Japan: Ministry of Finance seeks record-high allocations for debt financing as bond yields soar. The Ministry of Finance has submitted a record-high budget request of around JPY32 trillion ($219 billion) for debt servicing in FY26. This is an increase of 15% on the previous fiscal year and underscores the mounting fiscal pressures arising from the country’s debt levels and the surge in Japanese Government Bond (JGB) yields. The budget proposal arrives at a politically-sensitive moment, following the ruling coalition’s loss in July’s Upper House election. The government faces increasing demands to provide economic relief through proposed cash handouts or tax cuts, while simultaneously pursuing the expanding of defense spending. The 10-year JGB yield recently reached its highest level since 2008 (exceeding 1.6%) while the 30-year yield reached highs not seen since 1999 (exceeding 3.1%) amid the Bank of Japan’s (BoJ) efforts to reduce the size of its balance sheet (through scaling back bond purchases) and weak demand from major financial institutions.
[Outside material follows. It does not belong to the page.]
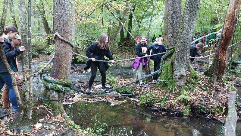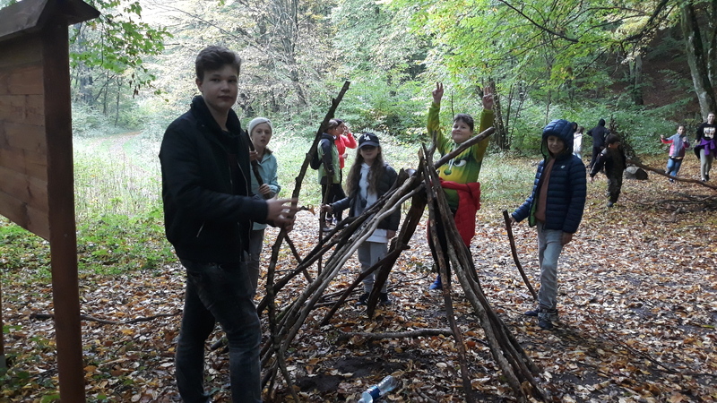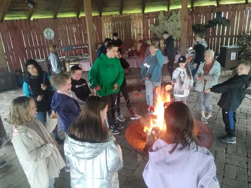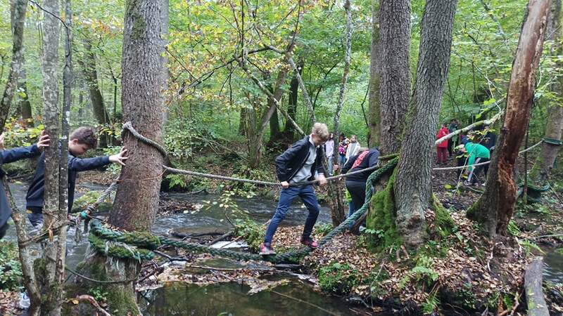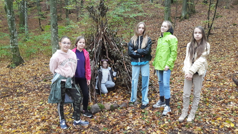 6 października 2021 roku uczniowie klasy 4 a oraz 8 a wybrali się na wycieczkę do Pałacu pod Bocianim Gniazdem, której celem była aktywna integracja na łonie natury oraz kształtowanie świadomości ekologicznej. Swoją przygodę rozpoczęli wyprawą do lasu, gdzie czekały na nich zajęcia z pionierki obozowej. Uczniowie poznali techniki przetrwania w lesie, a następnie w sześcioosobowych grupach wykazali się ogromnymi zdolnościami oraz niesamowitą współpracą budując szałas oraz rozpalając ogień przy pomocy krzesiwa. Dużą atrakcją i wyzwaniem okazało się przejście po moście linowym nad rzeką oraz pokonanie bardzo stromego wzniesienia.

Oil: Prices up on Wednesday after US imposes secondary tariffs on India. Brent closed at $68.1/bbl yesterday, up 1.2% (-8.8% ytd) after the US raised import duties on Indian goods from 25% to 50% as the deadline for the imposition of secondary tariffs for buyers of Russian crude came into effect. Thus far, there has been little in the way of signaling that India will deviate from purchasing Russian crude; Indian refiners are expected to continue buying Russian crude, which is typically discounted by $5/bbl (Urals, excluding shipping) compared to Brent (dated), with, therefore, little likelihood of supply disruptions. Meanwhile, a bullish weekly oil inventory report from the US Energy Information Administration (EIA) helped bolster sentiment, with commercial crude and gasoline stocks dropping by 4.2 mb and 1.2 mb w/w, respectively, in the w/e August 22, painting a strong demand picture ahead of the US Labor Day weekend.